前述でも述べましたが、B型事業所は障害者総合支援法に基づく訓練等給付サービスです。その中で就労支援サービスには以下の3つの種類があります。
①就労継続支援A型事業所
一般企業等での就労が困難な人に、雇用して就労の機会を提供するとともに、能力の向上のために必要な訓練を行う。
②就労継続支援B型事業所
一般企業等での就労が困難な人に、就労する機会を提供するとともに、能力等の向上のために必要な訓練を行う。
③就労移行支援事業所
一般企業等へ就労を希望する人に、一定期間、就労に必要な知識及び能力の向上のために必要な訓練を行う。
就労支援サービスには、この3つの種類があります。
具体的なB型事業所の特徴を以下にまとめました。
- B型事業所は雇用契約を結ばないので最低賃金の保証がない
- 病気や障がいなどで体調に波がある場合でも体調に合わせて就労訓練ができる
- 労働時間に決まりがない
- 利用期間、年齢の制限がない
B型事業所は最低賃金の保証がありません。
また、労働日数や労働時間に決まりはありませんので、自身の体調に合わせて就労訓練ができます。
利用期間や年齢制限もありません。
上記の特徴から「B型事業所は違法だ!」と思われる方もいらっしゃるかもしれませんが、法律上認められている就労訓練となっており、違法ではないと言えます。
【いじめ】B型事業所へ行きたくないのはおかしい?

せっかくB型事業所への通所を決めたのですから、継続して通所したいですよね。
しかし、通所し始めて事業所内の雰囲気や対人場面で「おかしい」「これはいじめ?パワハラ?」と事業所への不信感が募り、行きたくないと思っている方も少なくないのではないでしょうか。

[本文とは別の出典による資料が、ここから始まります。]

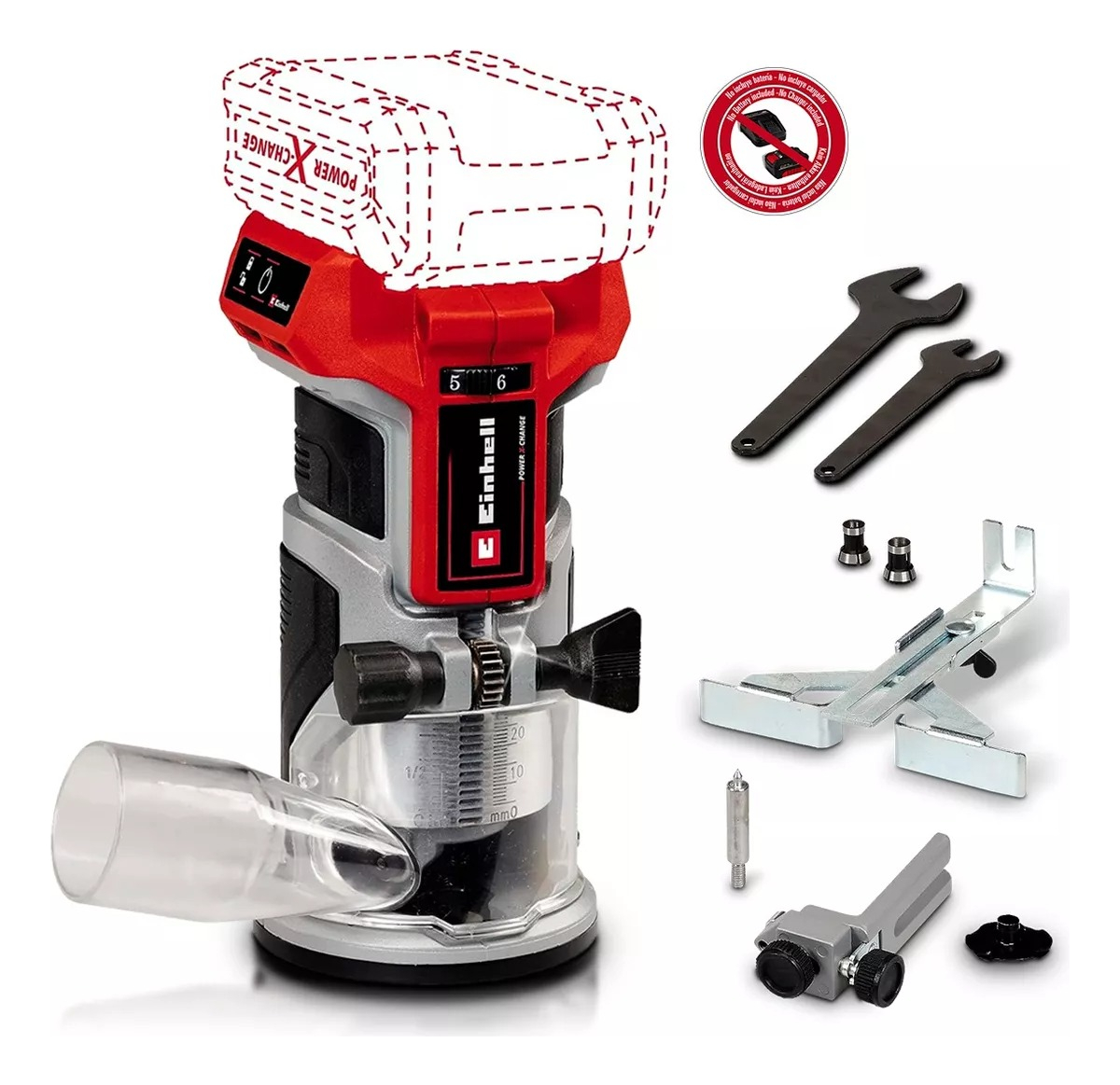PXC 18v. Motor sin escobillas. Control electrónico de velocidad. Ajuste de profundidad de fresado. Pinza de 6 y 8 mm. Iluminación LED. Incluye una barra guía con un rodillo, una punta circular y una herramienta de montaje. Adaptador para conectar aspiradoras. Sin batería ni cargador

例えば、作業内容が聞いていたものと違う、職員と合わない、他の利用者から暴言を言われた、暴力を振るわれたなどいわゆるトラブルが理由となることがあるようです。
【知恵袋】B型事業所のトラブル
では具体的にどのようなトラブルが起こるのでしょうか?以下は体験談になります。
精神障害者作業所で陰湿なイジメがあります。(無視、仲間外れ、嫌がらせなど。暴言や暴力は無い。)周囲は私の一方的な被害妄想とか思い込みだと言うが、辛いです。
利用者からの嫌がらせも辛いですね。事業所の職員に相談することや相談支援専門員や市区町村の障害福祉窓口などに相談されることをお勧めします。
筆者が実際に利用者から聞いた体験談
福祉サービス受給者証は一年に一度更新があります。
本人でなくても相談支援専門員や事業所の管理者またはサービス管理責任者が把握していることが多いです。
更新月を過ぎると申請し直しになるのでご自身でも気をつけていた方が良いです。
しかし、この方の場合は事業所側が保管しっぱなしにしていたことや何の説明もしていないことが問題かと思います。
事業所に対して何かしらの違和感を感じたときには上記でも述べましたが第三者に相談されて下さい。
【結論】いじめでB型事業所へ行きたくないのはおかしいのか
前述では知恵袋からの体験談を含めてB型事業所で起こるいじめなどについて述べてきました。
残念なことではありますが、障がい福祉サービスの一つであるB型事業所でもいじめやパワハラの事実があるようですね。
B型事業所でなくてもいじめやパワハラを受けたら職場や学校に行きたくないと思うのは自然なことです。決して行きたくないことがおかしいわけではありません。
ただ、ご本人と事業所側の行き違いの可能性も考えられるので、話し合いの場を設けることも解決への方法かもしれません。
まとめ

B型事業所でのいじめやパワハラ、行きたくないと思うのはおかしい?について紹介してきましたが、すべての事業所でこのようなことが起こっているわけではありません。
中には障がい者福祉に詳しい専門職(精神保健福祉士や社会福祉士など)の職員が常駐している事業所もあります。
B型事業所に通所する前に、
- 自分はどのような作業内容で訓練したいのか
- 自宅からどれくらいまでの距離で事業所を探すのか
- 事業所の障がい種別の比率はどれくらいなのか
情報収集されることをおすすめします。
また、事業所の体験が可能であれば是非体験をされて下さい。実際に作業に取り組んでみての感想を踏まえた上で利用を決めると後悔は少ないと思います。
ですが、通所する中でいじめかな?パワハラかな?これっておかしい?、行きたくないと感じたら、迷わず第三者へ相談されて下さい。
事業所を変えることもできますので一人で抱え込まないことです。
最後までご覧いただきありがとうございました。